OMG!  I didn't know this thread was here....thank you for tagging me! 

Later, I'm going go back and read as much as I can, and get caught up!  !

At a glance, I saw the pix of all of the fine ladies falling....I snagged that one!!


----------



## Liberty (Aug 22, 2022)

I can still hear that organ music in my head, and the sounds of the skates on the old wooden skating rink 
floor.  Great Saturday night memories in the old days!


----------



## Jules (Aug 22, 2022)

Liberty said:


> I can still hear that organ music in my head, and the sounds of the skates on the old wooden skating rink
> floor.  Great Saturday night memories in the old days!
> 
> View attachment 235647


Are you in the photo, @Liberty.

Love the permission to wear jeans sign in the background.


----------



## Trila (Aug 22, 2022)

I still go to the roller rink in Branson, every sat and most Sundays.  My husband and I have volunteered there since the beginning of 2008.  I work in the snack bar, and he is the deejay....we have a blast!  (Note: I still go to the rink every week, but I'm not skating with a broken wrist!!  LOL)

Here is the link to the rink's FB page:
https://m.facebook.com/groups/176475809050779/?tsid=0.692737109652432&source=result


----------



## jujube (Aug 22, 2022)

Oh, you bet! A lot of Friday nights in junior high and Saturday nights in early high school until I tapered off when I discovered boys.....
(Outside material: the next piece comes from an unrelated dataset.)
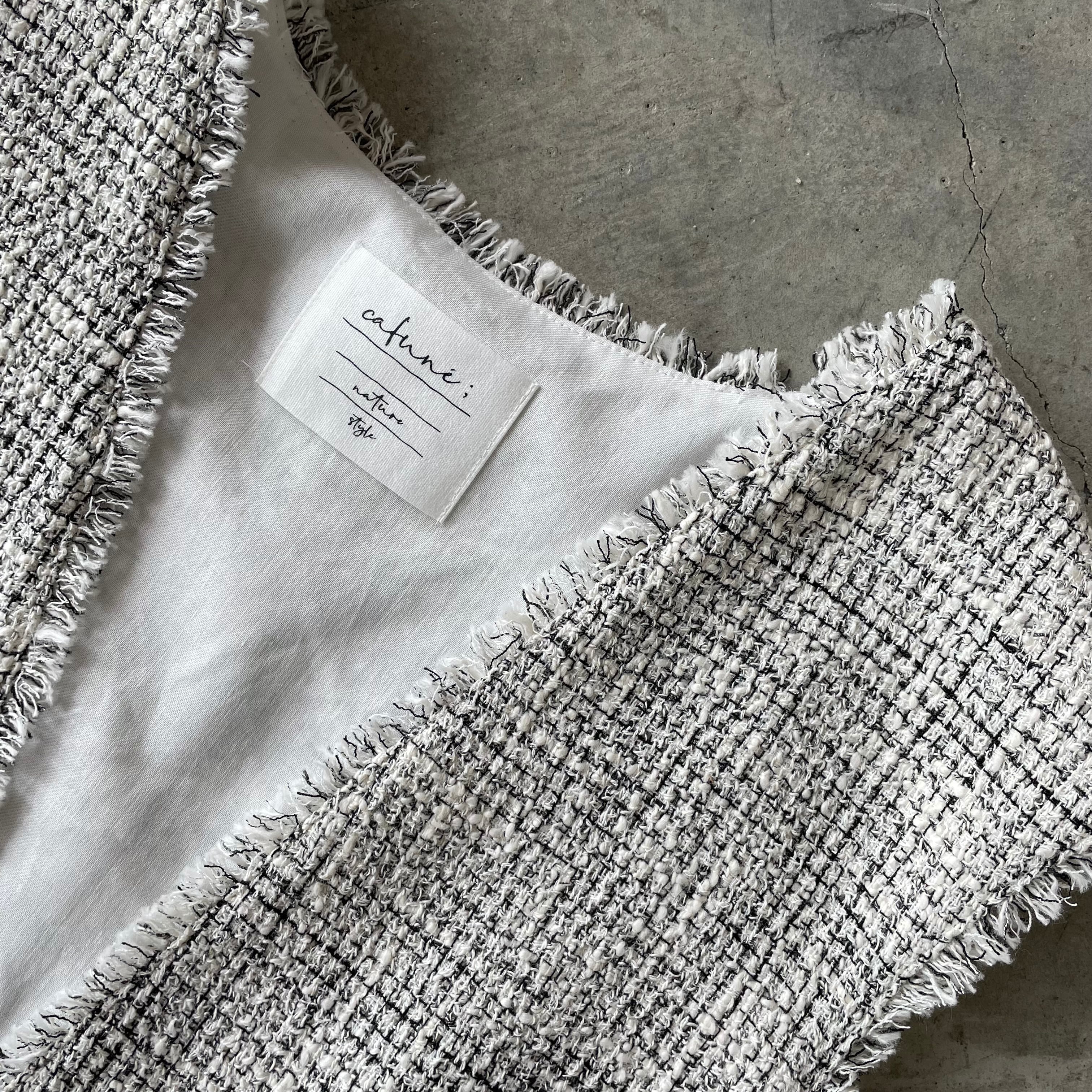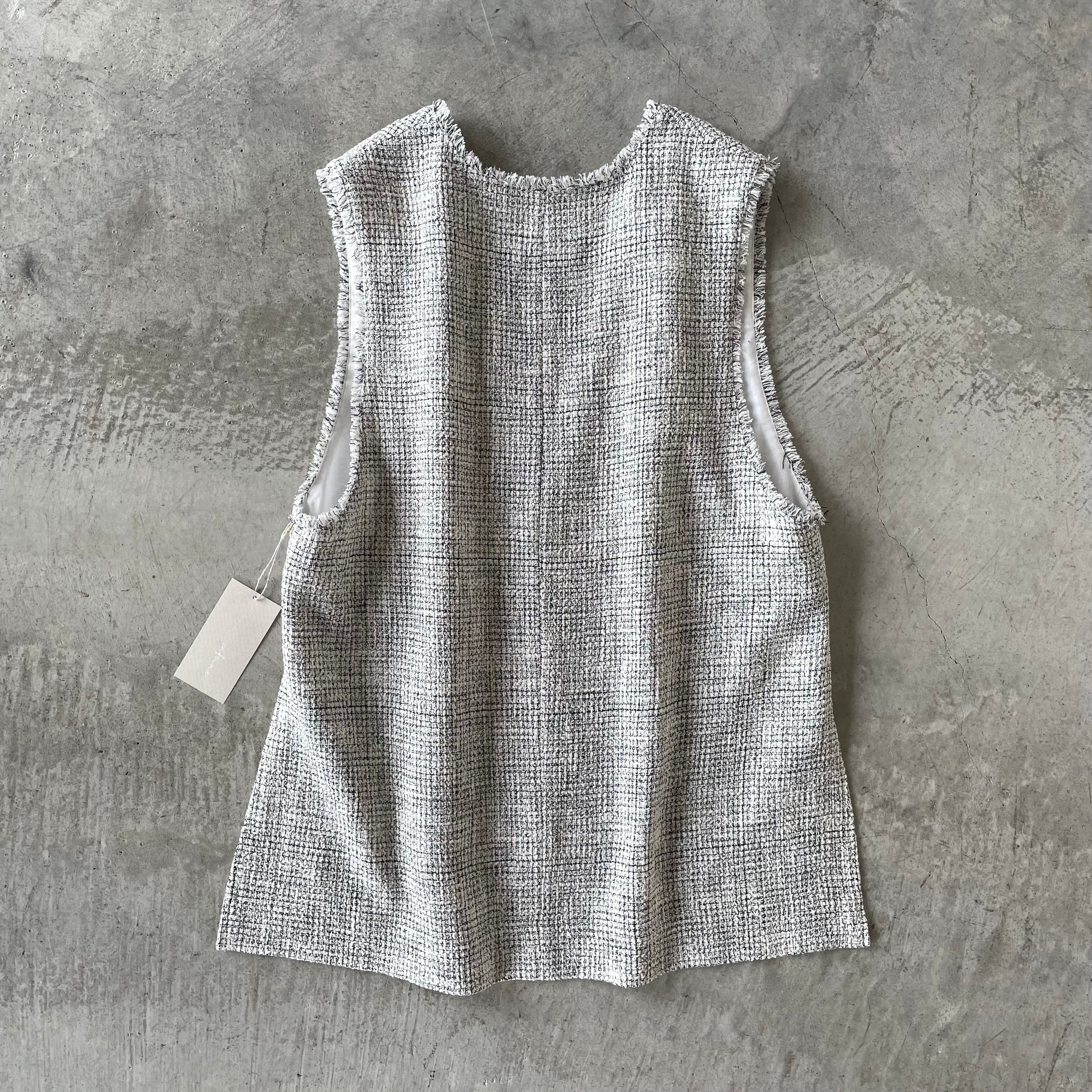 再々入荷!春のレイヤードコーデを楽しめちゃう♪Vネックフリンジ ツイードベスト/cafune カフネ

My dad had been a roller derby star back when roller derby was a *real* sport and he had me on skates just about as soon as I could walk.

Some Sunday afternoons, my dad and I would go to the BIG rink in our city and "dance skate".  Those were our special times and I was always so proud of what a great skater he was. The ladies all would flock to him when "ladies' choice" flashed on the board.


----------